◆ MATERIAL PROVIDED
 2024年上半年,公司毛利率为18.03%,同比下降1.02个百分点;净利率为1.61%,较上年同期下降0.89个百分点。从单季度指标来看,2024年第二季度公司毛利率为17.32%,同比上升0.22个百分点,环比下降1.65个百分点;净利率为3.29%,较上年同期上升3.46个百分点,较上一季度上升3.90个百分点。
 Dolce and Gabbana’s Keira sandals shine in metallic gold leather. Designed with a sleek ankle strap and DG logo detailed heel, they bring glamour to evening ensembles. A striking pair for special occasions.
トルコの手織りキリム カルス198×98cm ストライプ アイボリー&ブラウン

* * *

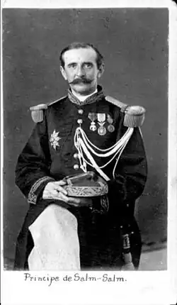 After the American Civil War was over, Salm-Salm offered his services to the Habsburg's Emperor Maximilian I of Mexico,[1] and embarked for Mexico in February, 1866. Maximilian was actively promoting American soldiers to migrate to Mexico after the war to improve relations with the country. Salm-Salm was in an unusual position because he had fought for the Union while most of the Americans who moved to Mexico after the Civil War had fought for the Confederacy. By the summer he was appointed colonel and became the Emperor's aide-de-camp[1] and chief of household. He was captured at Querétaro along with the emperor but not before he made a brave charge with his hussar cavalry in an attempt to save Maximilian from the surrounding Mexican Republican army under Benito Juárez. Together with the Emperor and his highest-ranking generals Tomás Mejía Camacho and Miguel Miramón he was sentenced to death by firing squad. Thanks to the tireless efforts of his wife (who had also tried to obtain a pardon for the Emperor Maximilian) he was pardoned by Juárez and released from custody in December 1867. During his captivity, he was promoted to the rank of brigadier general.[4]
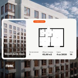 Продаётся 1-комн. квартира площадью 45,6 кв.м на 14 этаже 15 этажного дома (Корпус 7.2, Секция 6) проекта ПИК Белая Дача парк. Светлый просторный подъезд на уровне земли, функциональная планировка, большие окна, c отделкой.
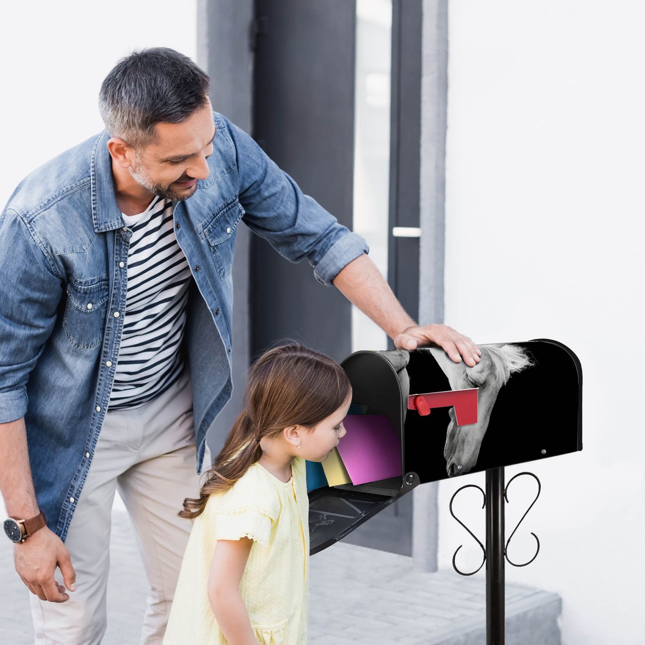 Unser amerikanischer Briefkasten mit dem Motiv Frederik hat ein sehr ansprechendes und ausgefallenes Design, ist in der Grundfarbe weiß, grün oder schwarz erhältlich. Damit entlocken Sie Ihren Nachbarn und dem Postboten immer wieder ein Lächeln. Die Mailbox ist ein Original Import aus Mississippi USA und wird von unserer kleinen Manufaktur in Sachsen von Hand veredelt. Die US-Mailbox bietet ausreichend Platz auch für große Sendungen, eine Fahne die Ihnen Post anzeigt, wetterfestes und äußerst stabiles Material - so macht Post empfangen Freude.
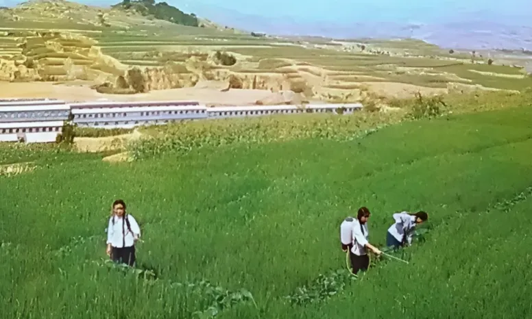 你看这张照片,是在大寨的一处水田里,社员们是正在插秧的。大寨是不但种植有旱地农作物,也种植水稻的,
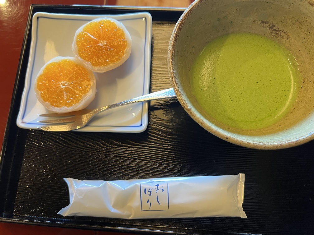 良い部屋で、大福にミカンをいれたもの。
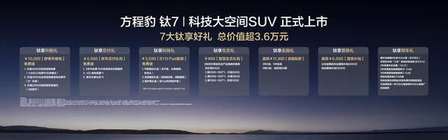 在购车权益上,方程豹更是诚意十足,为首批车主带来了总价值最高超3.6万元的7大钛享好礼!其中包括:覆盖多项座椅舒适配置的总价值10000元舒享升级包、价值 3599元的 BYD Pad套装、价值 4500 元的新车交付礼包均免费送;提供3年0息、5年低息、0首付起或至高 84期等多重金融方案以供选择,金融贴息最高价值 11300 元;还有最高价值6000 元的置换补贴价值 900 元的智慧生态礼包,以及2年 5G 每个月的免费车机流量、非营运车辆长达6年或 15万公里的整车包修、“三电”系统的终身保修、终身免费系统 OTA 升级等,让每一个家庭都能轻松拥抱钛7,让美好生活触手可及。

◆ WHAT THE EXERCISE ASKS
Copy out the range of lines above starting at the line with "2024年上半年,公司毛利率" and ending at the line with "Dolce and Gabbana’s", exactly and including both.

◆ EXERCISE SOLUTION
 2024年上半年,公司毛利率为18.03%,同比下降1.02个百分点;净利率为1.61%,较上年同期下降0.89个百分点。从单季度指标来看,2024年第二季度公司毛利率为17.32%,同比上升0.22个百分点,环比下降1.65个百分点;净利率为3.29%,较上年同期上升3.46个百分点,较上一季度上升3.90个百分点。
 Dolce and Gabbana’s Keira sandals shine in metallic gold leather. Designed with a sleek ankle strap and DG logo detailed heel, they bring glamour to evening ensembles. A striking pair for special occasions.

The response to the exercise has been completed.